Peter Lenk (born 6 June 1947, in Nuremberg) is a German sculptor based in Bodman-Ludwigshafen on Lake Constance, known for the controversial sexual content of his public art.

Art

Lenk's artworks include:
Imperia, a ten-meter-tall rotating statue in the harbor of Konstanz, (Germany), depicting a fictional courtesan from a short story by Balzac.
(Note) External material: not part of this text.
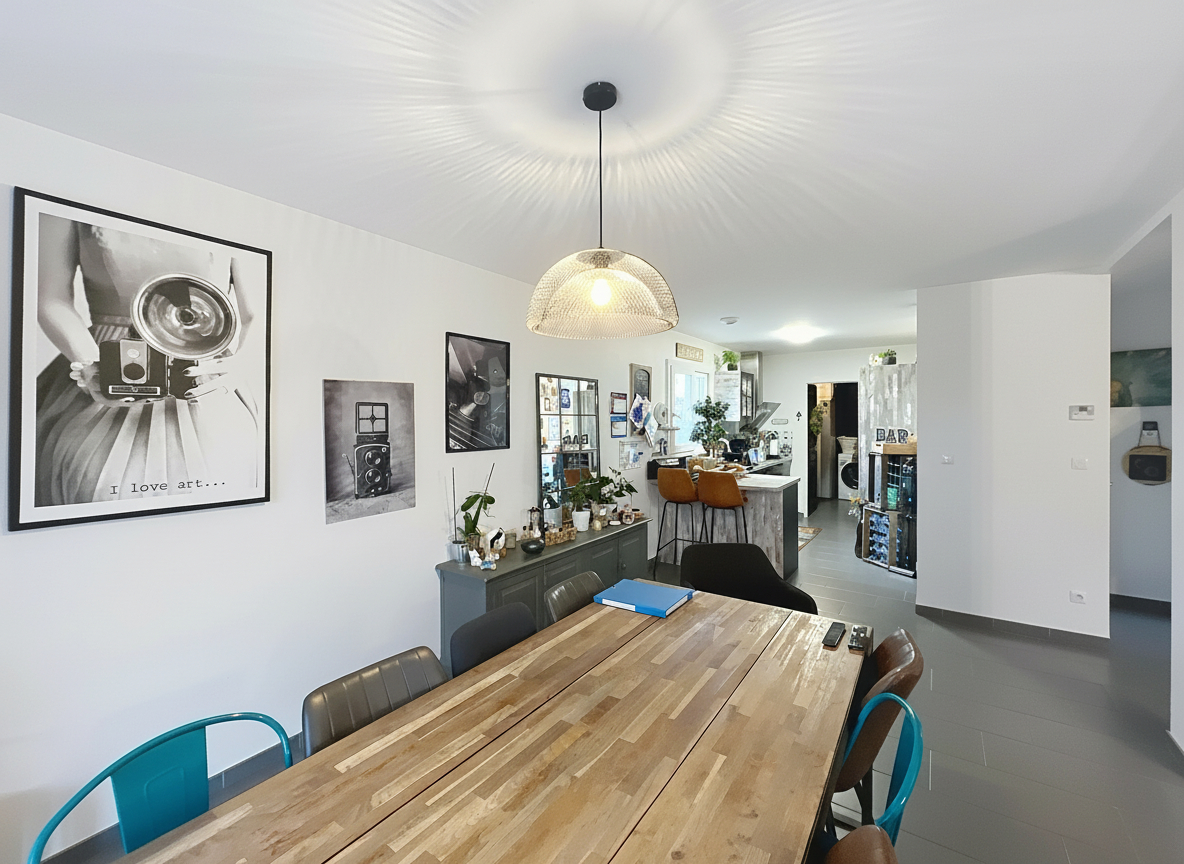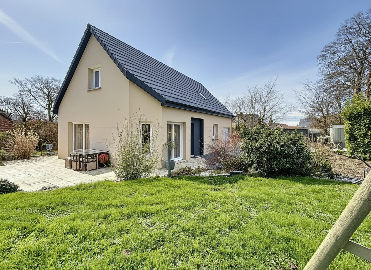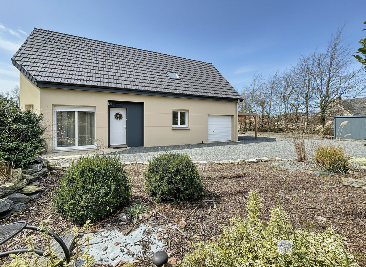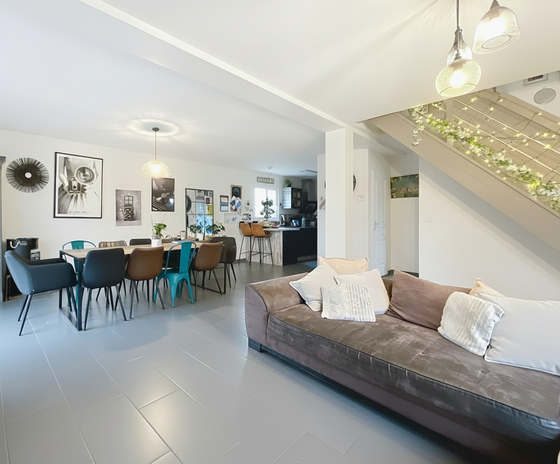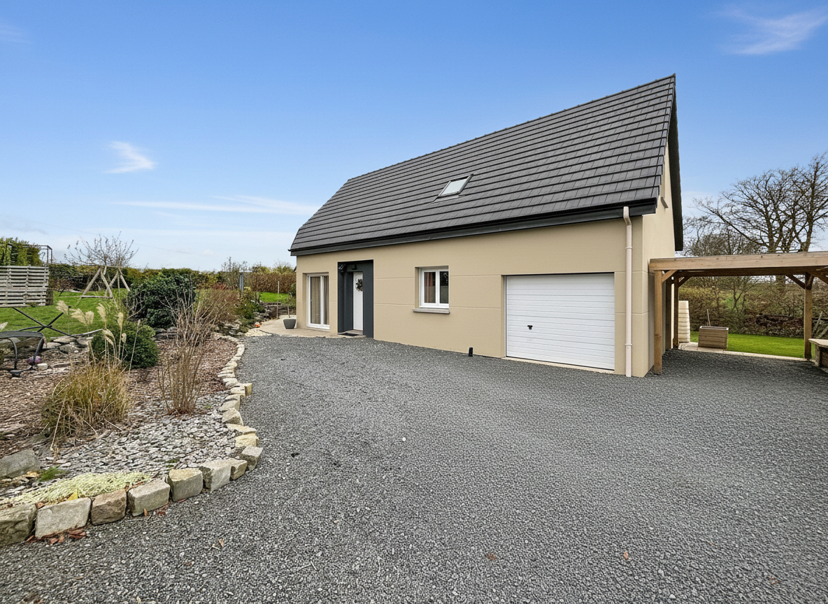 Le chauffage par pompe à chaleur garantit une consommation maîtrisée. Le bien dispose d'un garage attenant, d'un carport et d'un cabanon sur un terrain privatif de 1 380 m². Aucun travaux à prévoir.

Although it was highly controversial when installed in 1993, today it is "the most photographed attraction in the city". A detail from the sculpture, a nude figure of Pope Martin V, was displayed in the Konstanz train station in 2010, but was removed after complaints from the Catholic church and CDU politicians.
Ludwigs Erbe, a relief sculpture in the town square of Bodman-Ludwigshafen that shows various German politicians engaged in sexual play.
A sculpture on the exterior of the office building in Berlin that houses die Tageszeitung, depicting the editor of a competing newspaper sporting an enormous penis.
A sculpture of Volker Kauder wearing only a skirt made of bananas, like one worn by Josephine Baker, for a benefit auction.
A statue of German writer Martin Walser wearing ice skates while he rides a horse that stands on the tails of two giant reclining mermaids in a fountain, at the boat landing in Überlingen.
Hölderlin im Kreisverkehr, a monument to German poet Friedrich Hölderlin installed in 2003 in a traffic roundabout in Lauffen am Neckar.

Books
Lenk is the author or co-author of:
Skulpturen: Bilder, Briefe, Kommentare (Konstanz: Stadler Verlagsges. Mbh, 2005, ).
Magische Säule Meersburg: Skulpturen (with Helmut Weidhase, Konstanz: Stadler Verlagsges. Mbh, 2007, ).

References

External links

 

Living people
German sculptors
German male sculptors
Artists from Bavaria
1947 births
People from Konstanz (district)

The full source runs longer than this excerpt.